What lines in the records below include the word "tính"? Return each one.

═════ Supplied material

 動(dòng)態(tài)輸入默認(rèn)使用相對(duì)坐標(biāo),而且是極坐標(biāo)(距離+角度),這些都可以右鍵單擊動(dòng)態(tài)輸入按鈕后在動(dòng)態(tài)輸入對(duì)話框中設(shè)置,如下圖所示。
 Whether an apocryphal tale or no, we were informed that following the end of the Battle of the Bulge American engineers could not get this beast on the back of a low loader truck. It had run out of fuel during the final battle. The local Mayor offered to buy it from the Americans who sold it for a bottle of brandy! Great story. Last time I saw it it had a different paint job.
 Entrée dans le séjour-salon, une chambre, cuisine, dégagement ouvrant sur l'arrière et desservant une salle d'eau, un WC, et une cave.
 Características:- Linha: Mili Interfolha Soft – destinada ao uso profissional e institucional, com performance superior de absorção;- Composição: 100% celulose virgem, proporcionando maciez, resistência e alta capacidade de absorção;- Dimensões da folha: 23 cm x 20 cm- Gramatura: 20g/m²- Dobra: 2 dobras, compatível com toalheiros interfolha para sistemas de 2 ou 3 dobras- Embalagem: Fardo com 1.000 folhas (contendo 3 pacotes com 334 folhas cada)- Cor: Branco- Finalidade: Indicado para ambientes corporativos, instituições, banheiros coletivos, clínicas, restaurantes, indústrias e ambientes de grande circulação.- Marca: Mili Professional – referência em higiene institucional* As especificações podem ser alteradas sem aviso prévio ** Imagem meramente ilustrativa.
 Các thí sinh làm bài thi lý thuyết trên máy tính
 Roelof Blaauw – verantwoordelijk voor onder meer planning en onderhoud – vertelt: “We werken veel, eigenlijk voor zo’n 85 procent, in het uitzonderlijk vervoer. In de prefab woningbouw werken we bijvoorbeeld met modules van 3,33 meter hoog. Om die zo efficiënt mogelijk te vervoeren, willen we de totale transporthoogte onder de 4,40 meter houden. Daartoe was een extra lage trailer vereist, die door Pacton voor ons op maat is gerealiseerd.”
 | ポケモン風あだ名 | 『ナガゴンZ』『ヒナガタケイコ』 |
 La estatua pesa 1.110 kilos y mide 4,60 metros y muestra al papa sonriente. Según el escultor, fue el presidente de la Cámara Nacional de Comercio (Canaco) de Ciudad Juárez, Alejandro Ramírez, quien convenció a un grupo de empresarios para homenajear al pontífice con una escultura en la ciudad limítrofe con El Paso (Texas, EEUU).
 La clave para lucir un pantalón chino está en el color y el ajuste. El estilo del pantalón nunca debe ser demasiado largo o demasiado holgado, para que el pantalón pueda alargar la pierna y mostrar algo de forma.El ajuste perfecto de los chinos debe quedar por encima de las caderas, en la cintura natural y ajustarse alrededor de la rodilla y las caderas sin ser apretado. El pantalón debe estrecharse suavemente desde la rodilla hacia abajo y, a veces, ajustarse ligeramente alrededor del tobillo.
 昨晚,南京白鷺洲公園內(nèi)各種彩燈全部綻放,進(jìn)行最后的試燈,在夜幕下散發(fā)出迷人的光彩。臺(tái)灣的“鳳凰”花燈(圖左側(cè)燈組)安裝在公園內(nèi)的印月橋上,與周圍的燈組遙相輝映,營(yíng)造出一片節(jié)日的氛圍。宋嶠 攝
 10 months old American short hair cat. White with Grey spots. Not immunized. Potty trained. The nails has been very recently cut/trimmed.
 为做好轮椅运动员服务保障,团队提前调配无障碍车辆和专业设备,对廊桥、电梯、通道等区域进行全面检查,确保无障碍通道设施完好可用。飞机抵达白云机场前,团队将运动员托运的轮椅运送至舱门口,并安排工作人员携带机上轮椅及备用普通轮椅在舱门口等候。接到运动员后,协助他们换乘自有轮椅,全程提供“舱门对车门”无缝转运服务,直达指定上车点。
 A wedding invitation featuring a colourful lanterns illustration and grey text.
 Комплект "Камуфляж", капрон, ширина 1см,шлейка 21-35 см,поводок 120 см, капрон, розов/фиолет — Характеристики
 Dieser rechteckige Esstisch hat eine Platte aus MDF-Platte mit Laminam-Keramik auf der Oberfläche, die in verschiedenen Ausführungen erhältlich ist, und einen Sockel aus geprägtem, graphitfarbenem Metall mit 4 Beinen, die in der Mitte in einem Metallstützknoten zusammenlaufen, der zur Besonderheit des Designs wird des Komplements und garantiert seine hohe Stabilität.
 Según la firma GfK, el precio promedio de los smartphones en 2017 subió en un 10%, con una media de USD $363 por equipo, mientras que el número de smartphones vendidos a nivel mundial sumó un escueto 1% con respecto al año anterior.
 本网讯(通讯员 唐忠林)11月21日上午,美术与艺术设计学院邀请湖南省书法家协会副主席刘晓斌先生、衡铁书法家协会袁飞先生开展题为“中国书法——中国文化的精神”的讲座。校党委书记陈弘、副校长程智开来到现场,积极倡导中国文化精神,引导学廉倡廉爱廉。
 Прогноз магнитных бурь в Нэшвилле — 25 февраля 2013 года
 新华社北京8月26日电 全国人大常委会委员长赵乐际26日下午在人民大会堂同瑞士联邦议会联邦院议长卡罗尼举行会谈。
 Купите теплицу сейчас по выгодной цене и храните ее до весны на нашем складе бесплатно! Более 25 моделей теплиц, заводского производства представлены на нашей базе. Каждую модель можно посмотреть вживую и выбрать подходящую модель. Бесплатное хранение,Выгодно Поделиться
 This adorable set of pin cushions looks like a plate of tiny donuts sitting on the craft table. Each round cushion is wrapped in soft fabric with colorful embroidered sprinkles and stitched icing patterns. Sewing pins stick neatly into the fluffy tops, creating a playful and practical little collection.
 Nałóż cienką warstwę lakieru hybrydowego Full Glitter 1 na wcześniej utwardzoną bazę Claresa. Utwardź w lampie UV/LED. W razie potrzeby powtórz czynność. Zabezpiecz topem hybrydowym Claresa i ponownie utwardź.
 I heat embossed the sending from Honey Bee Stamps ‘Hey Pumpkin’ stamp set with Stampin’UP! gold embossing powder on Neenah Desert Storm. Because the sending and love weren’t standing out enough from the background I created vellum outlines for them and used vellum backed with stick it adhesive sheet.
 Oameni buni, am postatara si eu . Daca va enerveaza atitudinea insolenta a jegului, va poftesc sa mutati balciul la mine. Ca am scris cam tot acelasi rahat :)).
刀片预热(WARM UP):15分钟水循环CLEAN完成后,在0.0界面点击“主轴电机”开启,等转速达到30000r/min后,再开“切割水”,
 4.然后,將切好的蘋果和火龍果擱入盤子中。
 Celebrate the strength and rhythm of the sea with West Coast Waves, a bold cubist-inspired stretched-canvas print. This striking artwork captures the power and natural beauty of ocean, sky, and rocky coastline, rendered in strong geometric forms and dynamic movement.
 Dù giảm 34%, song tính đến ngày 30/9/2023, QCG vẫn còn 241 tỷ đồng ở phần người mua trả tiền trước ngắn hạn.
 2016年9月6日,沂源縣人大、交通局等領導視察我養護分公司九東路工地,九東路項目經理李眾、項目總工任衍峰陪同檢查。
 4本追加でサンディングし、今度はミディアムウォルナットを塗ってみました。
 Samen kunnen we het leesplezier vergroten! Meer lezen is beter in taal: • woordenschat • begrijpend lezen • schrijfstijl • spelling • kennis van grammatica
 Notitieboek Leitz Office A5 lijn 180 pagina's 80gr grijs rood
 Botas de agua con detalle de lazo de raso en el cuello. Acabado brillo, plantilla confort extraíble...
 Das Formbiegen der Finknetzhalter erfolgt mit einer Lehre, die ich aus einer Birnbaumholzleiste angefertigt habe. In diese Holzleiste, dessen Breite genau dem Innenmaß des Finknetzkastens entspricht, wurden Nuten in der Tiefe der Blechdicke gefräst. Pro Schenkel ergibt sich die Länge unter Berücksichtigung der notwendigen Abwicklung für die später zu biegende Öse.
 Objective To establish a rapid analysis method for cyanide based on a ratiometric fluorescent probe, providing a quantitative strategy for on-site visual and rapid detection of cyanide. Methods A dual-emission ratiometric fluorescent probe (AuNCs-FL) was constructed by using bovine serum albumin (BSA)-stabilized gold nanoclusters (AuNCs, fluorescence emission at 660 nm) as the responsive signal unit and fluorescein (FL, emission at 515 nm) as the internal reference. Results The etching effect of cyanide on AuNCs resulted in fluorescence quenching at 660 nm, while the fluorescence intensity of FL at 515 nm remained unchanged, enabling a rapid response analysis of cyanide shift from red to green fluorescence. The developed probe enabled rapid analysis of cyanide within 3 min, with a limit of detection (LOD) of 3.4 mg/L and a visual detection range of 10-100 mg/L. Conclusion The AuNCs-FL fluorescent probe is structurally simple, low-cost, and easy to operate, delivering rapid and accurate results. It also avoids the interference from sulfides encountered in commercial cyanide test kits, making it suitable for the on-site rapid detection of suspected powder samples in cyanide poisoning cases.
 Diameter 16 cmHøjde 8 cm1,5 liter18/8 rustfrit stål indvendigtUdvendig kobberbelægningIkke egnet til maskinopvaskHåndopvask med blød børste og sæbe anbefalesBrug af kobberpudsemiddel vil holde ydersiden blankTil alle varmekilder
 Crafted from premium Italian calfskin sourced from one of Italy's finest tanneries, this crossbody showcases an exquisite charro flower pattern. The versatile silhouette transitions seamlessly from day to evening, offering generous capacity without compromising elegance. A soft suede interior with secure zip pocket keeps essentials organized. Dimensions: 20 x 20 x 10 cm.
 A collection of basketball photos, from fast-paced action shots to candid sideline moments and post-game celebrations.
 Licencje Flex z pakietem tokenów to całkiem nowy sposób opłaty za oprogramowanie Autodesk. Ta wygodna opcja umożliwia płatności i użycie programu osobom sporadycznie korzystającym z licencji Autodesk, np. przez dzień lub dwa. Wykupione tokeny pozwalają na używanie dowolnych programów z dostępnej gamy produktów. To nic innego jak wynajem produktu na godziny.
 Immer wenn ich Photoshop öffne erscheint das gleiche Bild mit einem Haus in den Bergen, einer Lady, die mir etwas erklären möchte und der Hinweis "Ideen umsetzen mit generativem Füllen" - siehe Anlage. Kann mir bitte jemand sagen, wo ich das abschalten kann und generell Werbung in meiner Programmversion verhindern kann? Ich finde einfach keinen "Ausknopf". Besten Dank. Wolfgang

══════════

• **Output for this exercise**
 Các thí sinh làm bài thi lý thuyết trên máy tính
 Dù giảm 34%, song tính đến ngày 30/9/2023, QCG vẫn còn 241 tỷ đồng ở phần người mua trả tiền trước ngắn hạn.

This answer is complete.